Thursday, March 17, 2011

[ c o l o r s ]


My red suitcase. All ready on my house entrance.



Yellow, early bright light.


The most similar thing to the Spanish sea waiting for me.


Black with gray dots, or gray with black ones?


Orange: the color of energy
p.d: I'm flying now. You people will get my commentaries tomorrow :)

Thursday, March 3, 2011

Dream. Wish. Desire.

I dream that life is an easy path. I wish people would not have to suffer. I desire to be happy.
I wish people, human beings, were good by nature. Why do we always have to be on guard just in case someone is gonna attack us? I wish love was all--enough--but it isn’t. I sometime wish life was easier although I like challenges. I desire the best for my family. I dream  all challenges will be reached, no matter how difficult they are.

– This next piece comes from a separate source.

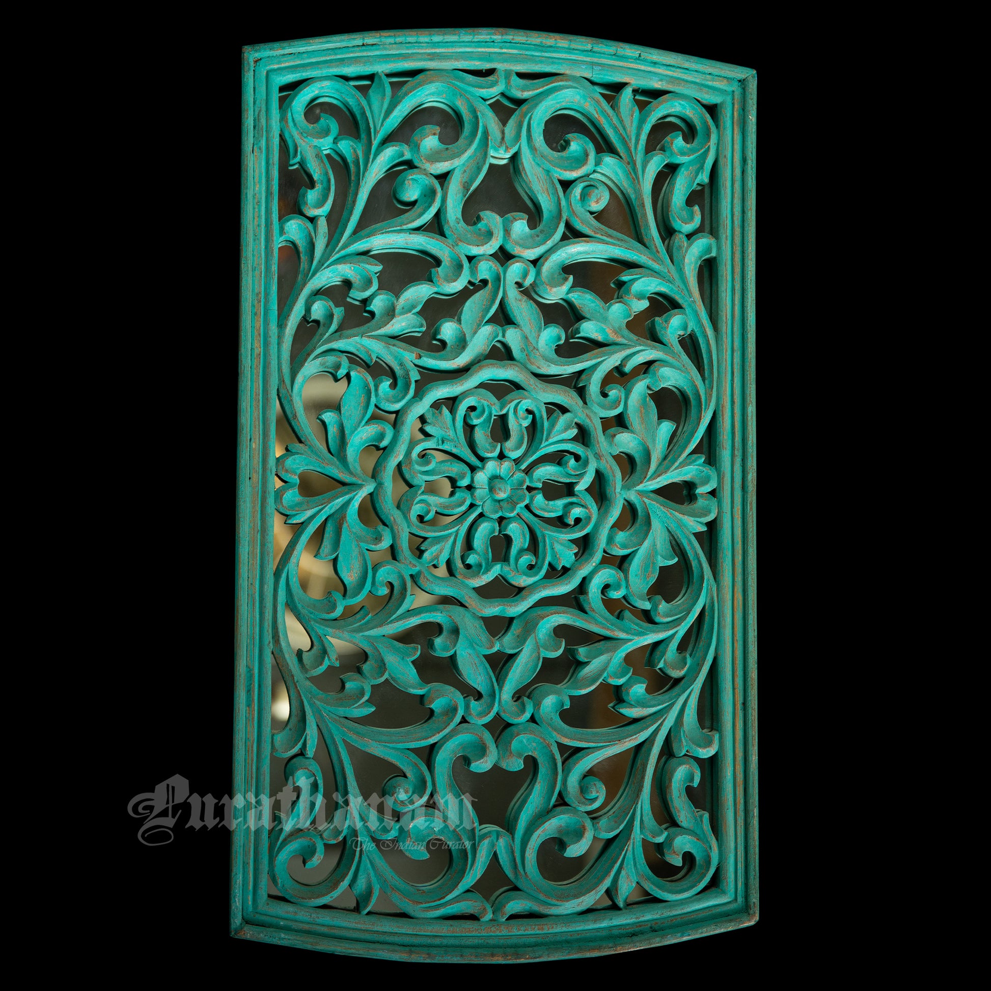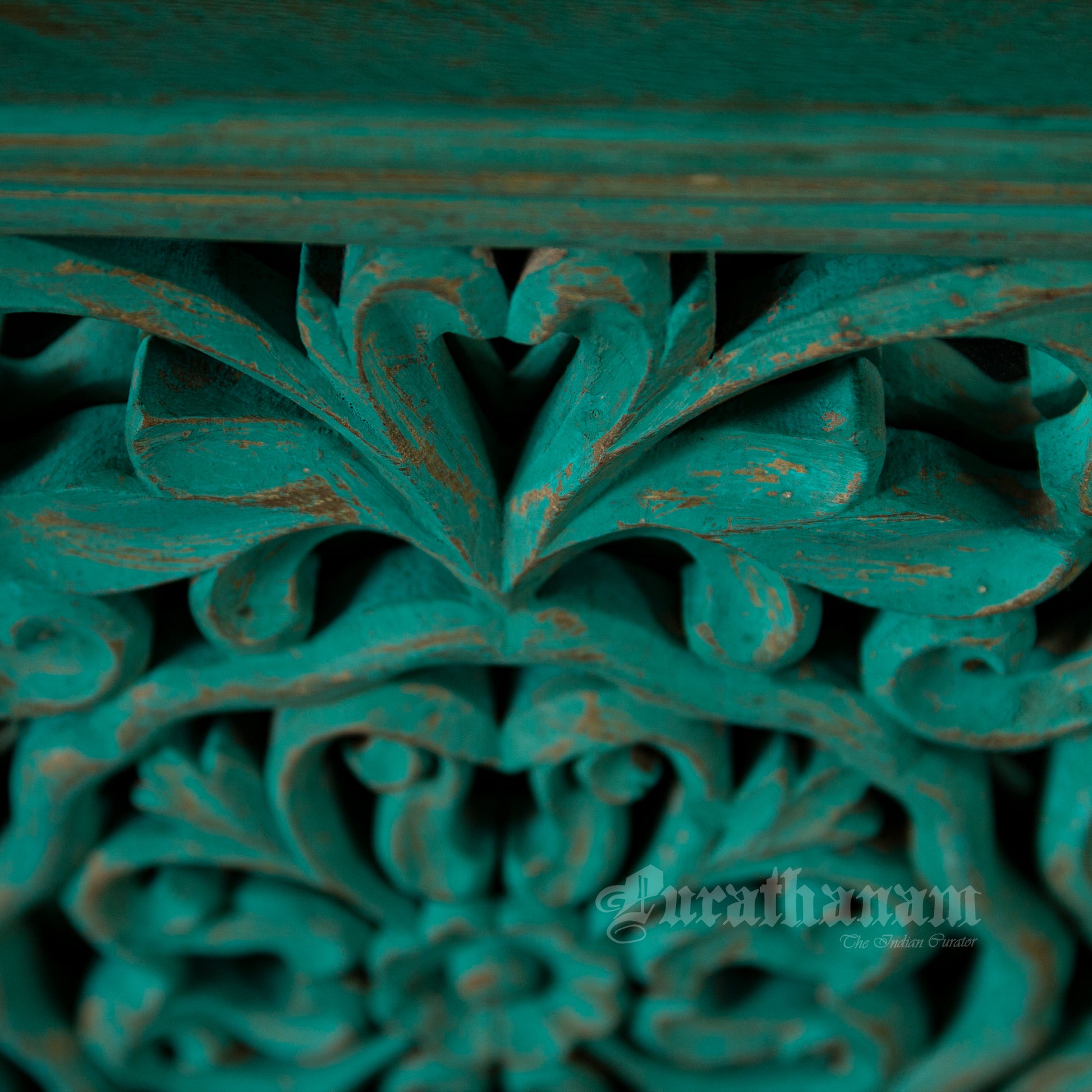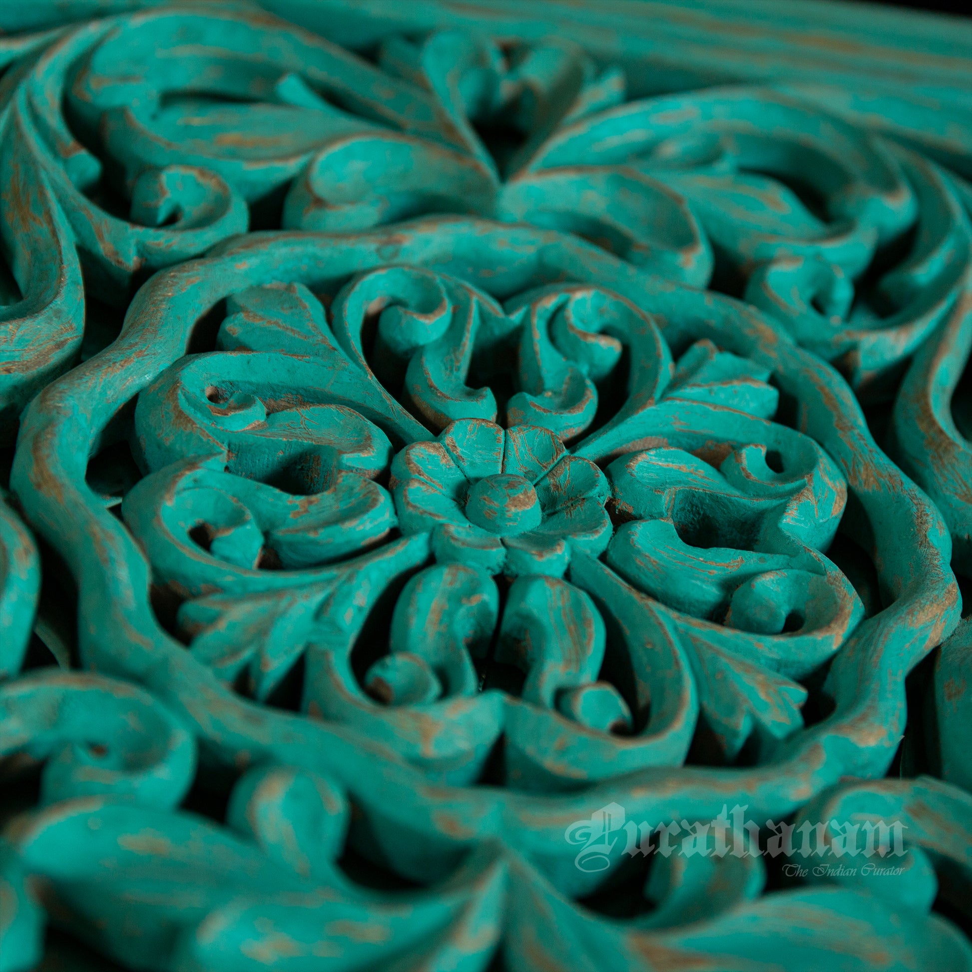 Here is a beautiful turquoise floral designed hand carved wooden panel which has mirror as it’s background. It is made of Teakwood and is about 30 years old.

I dream too many things, I know. But those are MY dreams. Mine.


My reflection. My dreams. Me.

Tuesday, March 1, 2011

[ a d e u p a s a t . b e n v i n g u t p r e s e n t ]

Goodbye mom, dad. Goodbye to hanging out with my friends in Passeig de Gracia.  Goodbye to hugging my two little brothers, never at the same time. Goodbye to long and unusual deep conversations with my old brother. Goodbye to walking in Spain pass a bakery and smelling the fresh smell of bread; the bread I’ve ever tried. Goodbye to crowded Christmas with all my cousins, uncles and aunts, and my grandma in her big apartment in Barcelona; cutting Roscon, waiting for who gets the best coin hidden on the inside. Goodbye to trips in motorcycle with Anna driving down la Vallvi, and summer nights in Sant Feliu with my germana-cosina Mir. Goodbye to Sant Cugat, and my room for one year. Goodbye to short trips to Asturias and seeing Andres. Goodbye to driving all the way up to the Netherlands, crossing Europe.  Goodbye to exquisite dinners of that first taste of teriyaki chicken, as well as dinners of pica-pica and white wine, watching some old classic movies. Goodbye to Maxima, the first cat I’ve ever liked. Goodbye to the baby perfume of Lucas straight soft blond hair. Goodbye to Arnau running around as if he had drunk 2l of coffee. Goodbye to walk on the hot sand, to swing in the Mediterraneo and to days at the boat. Goodbye to that cafĂ© con leche with Angela at the Piano. Goodbye to La Escala, and to Rooney. Goodbye to the Peugeots. Goodbye to walking to Els Ferros, in the Mira Sol subway station.
Goodbye to walking to MiraSol every single morning. Goodbye to my room in Asturias, my house in Jose Cueto. Goodbye to the drama, the cries and the stress. Goodbye to the perfectness and the right or wrong. Goodbye to the judgment of people who do not know me and think they can say whatever they want. Goodbye to gossips and bad friendships. Goodbye to loud arguments with my mom. Goodbye to the cold, bad weather of Asturias. Goodbye to the close minded and the ones who think they know everything. Goodbye to El Retiro. Goodbye to my D’s misunderstanding of what I am doing with my life. Goodbye to moving where I didn’t wanted to. Goodbye to hours of wastefulness, doing nothing, because I didn’t know what I was doing. Goodbye to being too stress and pressured because it mattered what people thought. Goodbye to disillusion and arguments.

ME IN 8


Mateo.Lucas.Arnau.Papa.Mama.Hans.Cris. Lauris.K.

Tue, March 1st. Despues de la tormenta siempre llega la calma.

And how important are those things that we walk your life with?
Those who make it possible for us to walk in paths,
no matter how hard or soft they are..



the coal of our body



Coffee;city;hurry;running.STOP.Drink.Taste.Smell.



Shiness; so easly overshadow.



After all, I guess too much organization freaks me out.